In the early 20th century, the Metropolitan Water Reclamation District of Greater Chicago (MWRD) built big intercepting sewers to redirect the sewage to new wastewater treatment plants. Our treatment plants clean sewage and release clean water to the river. This system works great in dry weather, but when it rains heavily, the intercepting sewers and treatment plants can get overloaded and sewage follows the original path of the sewers and overflows into the river. These combined sewer overflows pollute the water and also increase the danger of flooding.
As development spread through the Chicago area in the early 20th century, paved surfaces sent more and more amounts of stormwater runoff into the combined sewer system. By the 1960s, Chicago area sewers were overflowing to the river more than 100 days a year and flooding had become an ongoing problem. After years of studying the problem, in 1972 the MWRDGC adopted the Tunnel and Reservoir Plan, also known as TARP or “The Deep Tunnel” to solve the pollution and flood control problem plaguing the Chicagoland area. TARP is a system of deep, large diameter tunnels and vast reservoirs designed to reduce flooding, improve water quality in Chicago area waterways and protect Lake Michigan from pollution caused by sewer overflows.
Bio:
Kevin Fitzpatrick has been a professional engineer working in the water resources field for 25 over years. He has a Bachelor of Science in Civil Engineering from the University of Illinois and a Master of Science in Environmental Engineering from the University of North Carolina. Mr. Fitzpatrick spent 3 years as a consulting engineer, designing drinking water and wastewater treatment facilities, before joining the Metropolitan Water Reclamation District of Greater Chicago in 1999.

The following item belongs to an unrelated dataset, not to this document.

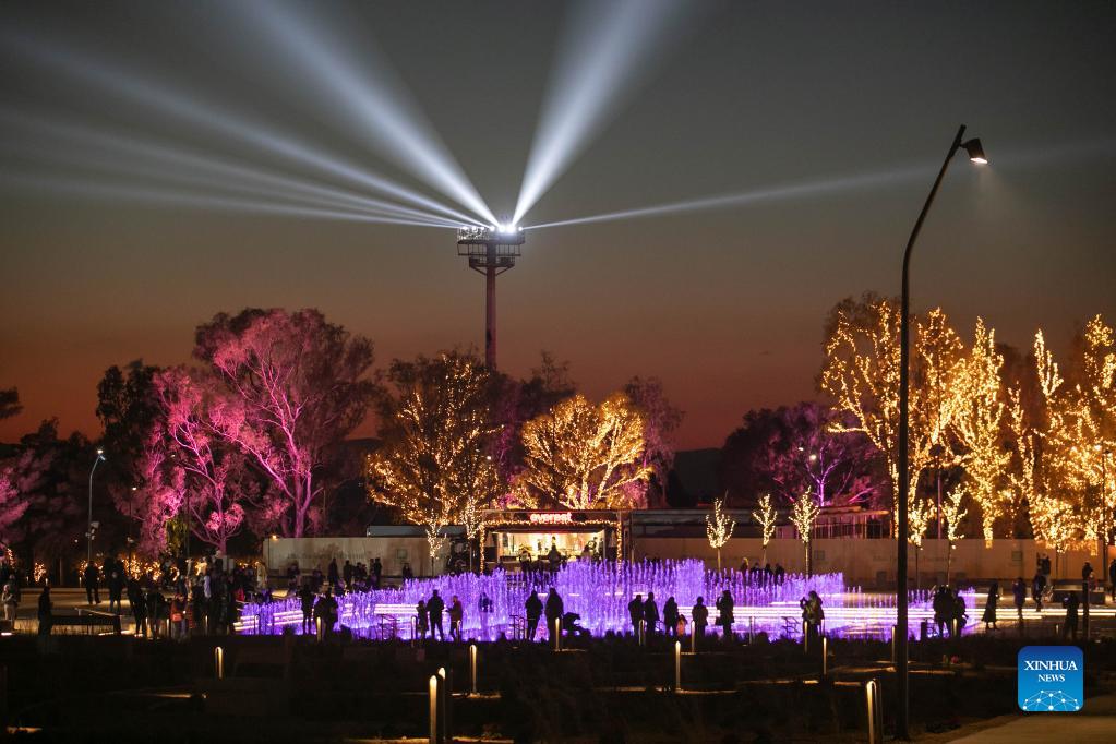 Photo taken on Dec. 20, 2021 shows silhouettes of visitors at the Experience Park in Elliniko in Athens, Greece. The Experience Park opened to the public on Monday with decorations for the festive season. (Photo by Lefteris Partsalis/Xinhua)

Since joining the District, Mr. Fitzpatrick spent two years in the Maintenance and Operations Department before moving to the Engineering Department as a project engineer and then project manager for large infrastructure projects. In his current job as Assistant Director of Engineering, Mr. Fitzpatrick manages the work of approximately 100 engineers and technical staff in the Infrastructure and Management Division of the Engineering Department. This work includes stormwater management projects, collection systems projects including the $3.8 billion Tunnel and Reservoir Plan along with intercepting sewer rehabilitation, and administering the Watershed Management Ordinance to regulate development and local sewer construction.